On the subject: Zsofia, got a question for ya: Since you work in a liberry, maybe you have access to some some old newspaper accounts of this.
One of the few human rabies deaths in South Carolina occurred in Fairfield county in the early 1950s (1950 at the earliest, 1953 at the latest). It was a two-year-old child (last name possibly “Byrd”), who had been bitten on the face by a rabid dog.
That much I found out from some website that tracked confirmed (human) rabies deaths in the US, but have since lost the link or how I came by it.
What is puzzling to me about this is that I would presume that the child would have started receiving the treatments immediately, since the dog was known to have been rabid. If that had been the case, it would have been about the only documented case of a person having died from rabies after having started PEP before the symptoms started. Just wondering if there might be any old newspaper accounts of it on microsomething. If it wasn’t in “The State,” it might have been in the [Fairfield County] “News and Herald.”
You’re still at risk for rabies if you fail to get immunoglobulin in addition to the multiple vaccine doses. I wouldn’t be surprised if this is what had happened, seeing how it’s a fairly common occurence even today (mostly in developing countries).
According to this cite, the use of immunoglobulin didn’t really begin until 1954. So yeah, that kid, even if vaccinated, probably didn’t get what we would consider a complete regimine of PEP.
Rage. Hard to tell, as his character was a hostile curmudgeon even before he was bitten. He never went violently crazy, but near the end of the film was getting that “trapped animal” look.
The film ends with the vehicle he’s in cresting a hill overlooking “The Town” where he can get to a hospital and get the vaccination he needs. It’s strongly implied that the ending is a happy one, but if he were really experiencing symptoms of rabies (as opposed to just being stressed and desperate because he’s in a bus full of screaming kids traveling at 5mph), wouldn’t that mean it was already too late?

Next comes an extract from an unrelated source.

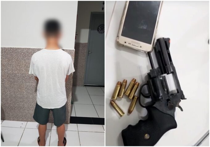 Além de drogas, e outras provas, foi apreendido um revólver com um dos alvos.

I had rabies shots this summer after being bitten by a neighborhood cat. The owner produced a rabies certificate that had expired months before the bite, and the cat had been hanging around outside, in the area I’d seen the rabid fox this spring.
So I had most of the series (they stopped because there’s a shortage of the vaccine nationwide, and the cat was still alive, meaning it could not have had rabies).
I wouldn’t describe myself as aggressive, but I was pretty pissed off.